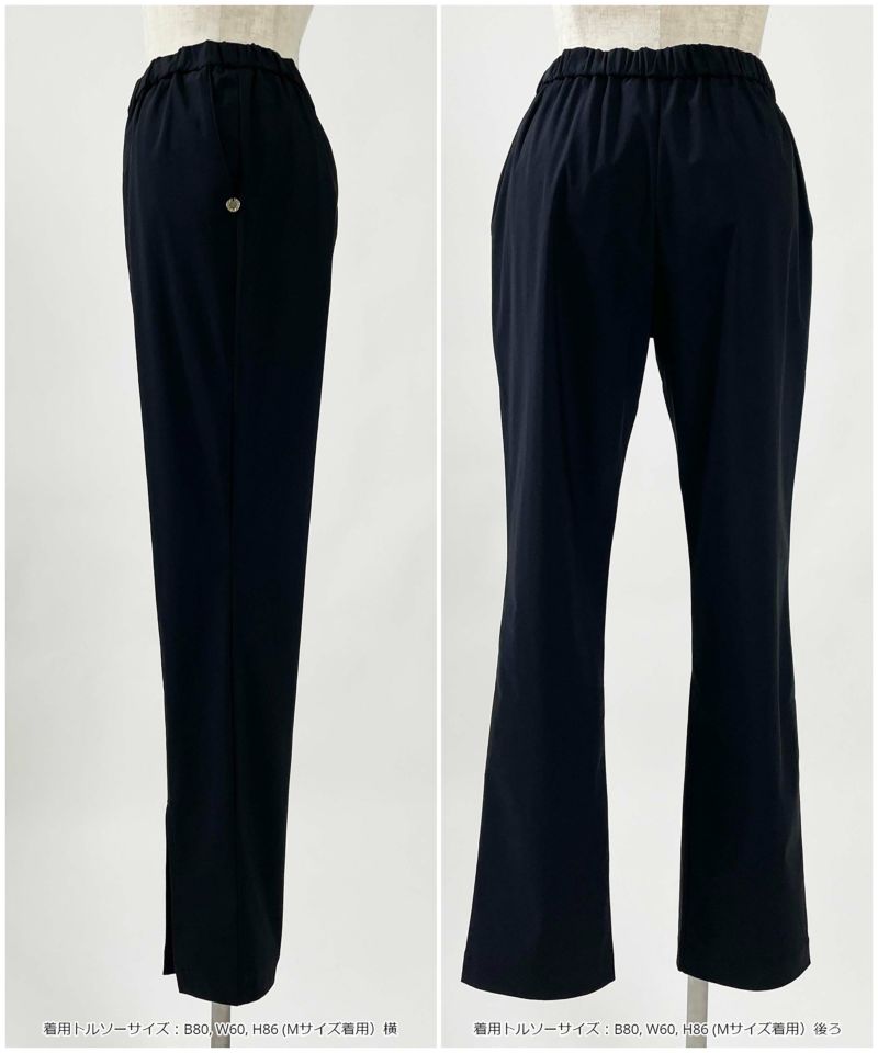 ウエストゴム仕様で楽に着用でき、センターラインが足を綺麗に見せてくれます◎
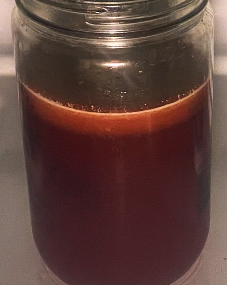 4. Pour the shrub into a clean glass jar or bottle and seal it tightly.
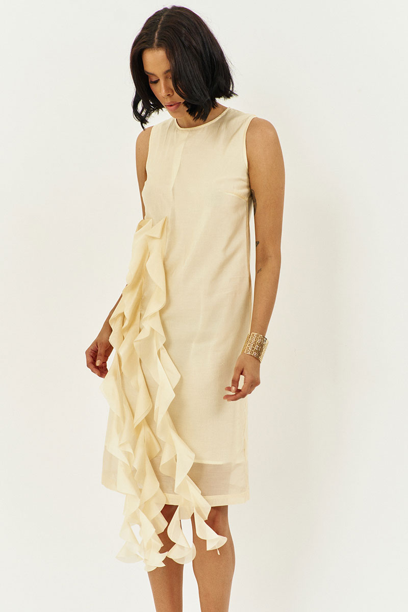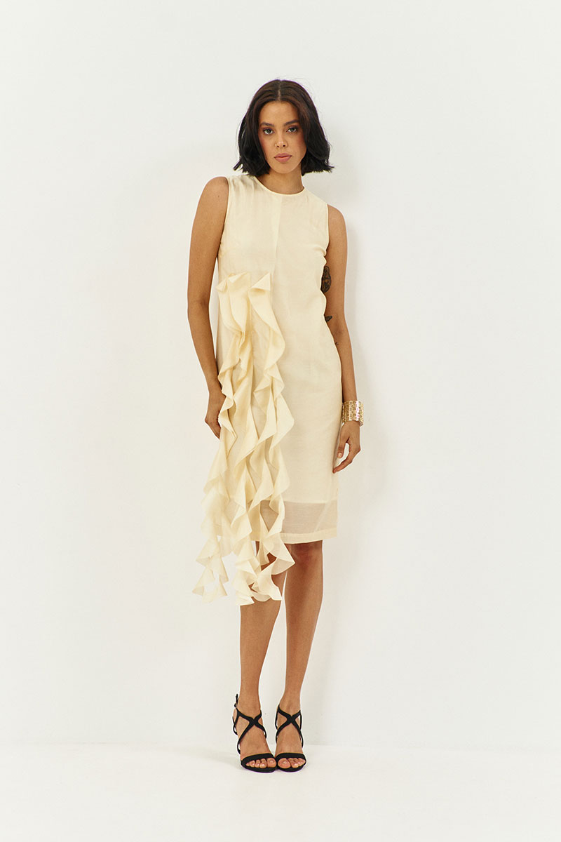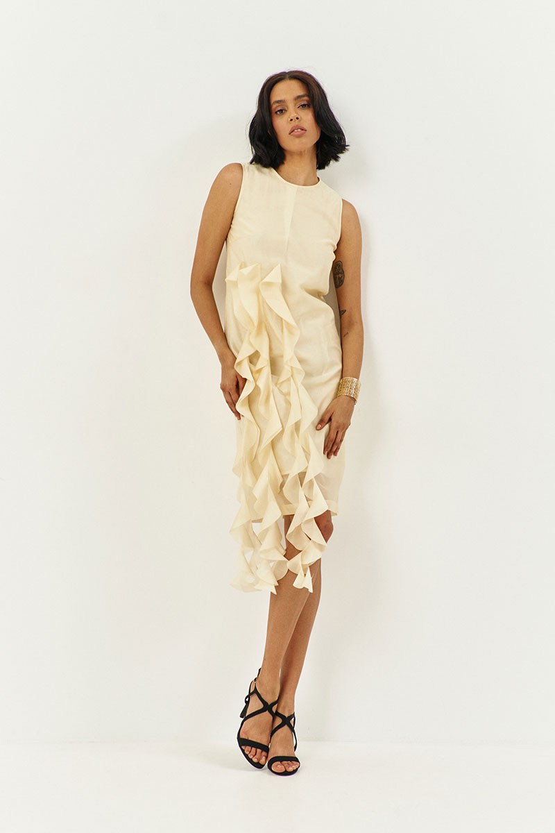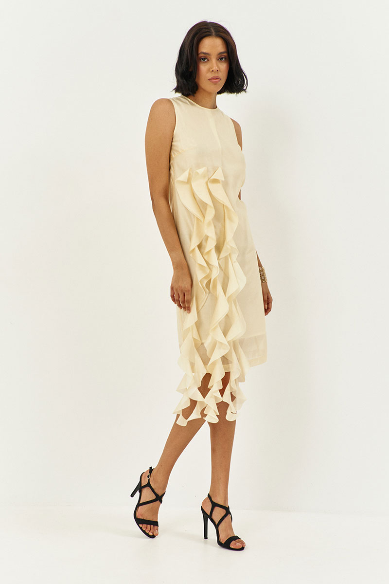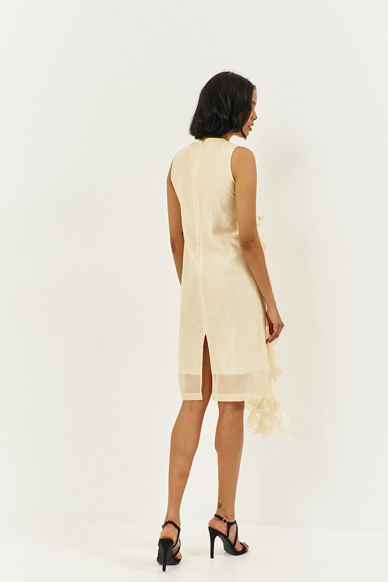 Платье прямого силуэта на подкладке. Характеристики: выполнено из плательной ткани в цвете сливочное масло, по переду декоративные воланы, по спинке потайная застежка-молния.
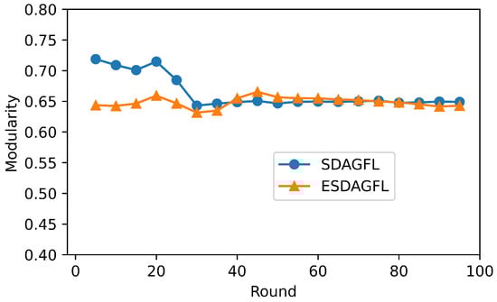 In this part, we evaluated the implicit specialization of the ESDAGFL. There are three metrics to evaluate the implicit specialization of the ESDAGFL. The first is the modularity , which is a metric of the community segmentation in the community discovery algorithm. The more closely connected the nodes within a community and the more sparsely the connections between the communities are, the greater the modularity is. The second metric is the number of modules, which indicates the partitioning of all clients. The number of modules should be an appropriate value. The final metric is approval pureness, which measures the probability that a client approves the nodes published by other clients in the same cluster.
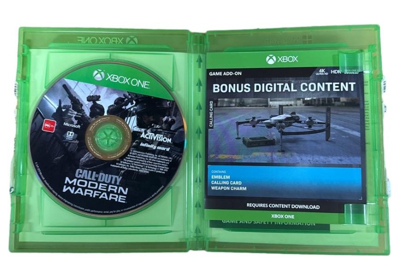 This Microsoft Xbox One game disc for Call of Duty: Modern Warfare delivers intense first-person shooter action. Experience the gripping single-player campaign or engage in thrilling multiplayer battles. With its MA15+ rating, this title is recommended for mature audiences.
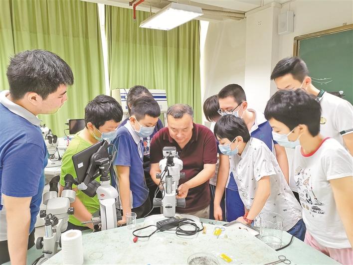 學(xué)生在老師的指導(dǎo)下進(jìn)行實(shí)驗(yàn)。
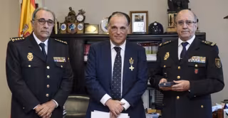 El presidente de LaLiga, Javier Tebas, ha recibido este martes la Medalla al Mérito Policial con Distintivo Blanco, otorgada por el Ministerio del Interior a través del Cuerpo Nacional de Policía, de manos del Comisario General de Seguridad Ciudadana, Florentino Villabona Javier Tebas.

= = =

## INSTRUCTIONS TO FOLLOW
From the first line above to the last, copy the records exactly but omit the pictures.

## WRITTEN ANSWER
 ウエストゴム仕様で楽に着用でき、センターラインが足を綺麗に見せてくれます◎
 4. Pour the shrub into a clean glass jar or bottle and seal it tightly.
 Платье прямого силуэта на подкладке. Характеристики: выполнено из плательной ткани в цвете сливочное масло, по переду декоративные воланы, по спинке потайная застежка-молния.
 In this part, we evaluated the implicit specialization of the ESDAGFL. There are three metrics to evaluate the implicit specialization of the ESDAGFL. The first is the modularity , which is a metric of the community segmentation in the community discovery algorithm. The more closely connected the nodes within a community and the more sparsely the connections between the communities are, the greater the modularity is. The second metric is the number of modules, which indicates the partitioning of all clients. The number of modules should be an appropriate value. The final metric is approval pureness, which measures the probability that a client approves the nodes published by other clients in the same cluster.
 This Microsoft Xbox One game disc for Call of Duty: Modern Warfare delivers intense first-person shooter action. Experience the gripping single-player campaign or engage in thrilling multiplayer battles. With its MA15+ rating, this title is recommended for mature audiences.
 學(xué)生在老師的指導(dǎo)下進(jìn)行實(shí)驗(yàn)。
 El presidente de LaLiga, Javier Tebas, ha recibido este martes la Medalla al Mérito Policial con Distintivo Blanco, otorgada por el Ministerio del Interior a través del Cuerpo Nacional de Policía, de manos del Comisario General de Seguridad Ciudadana, Florentino Villabona Javier Tebas.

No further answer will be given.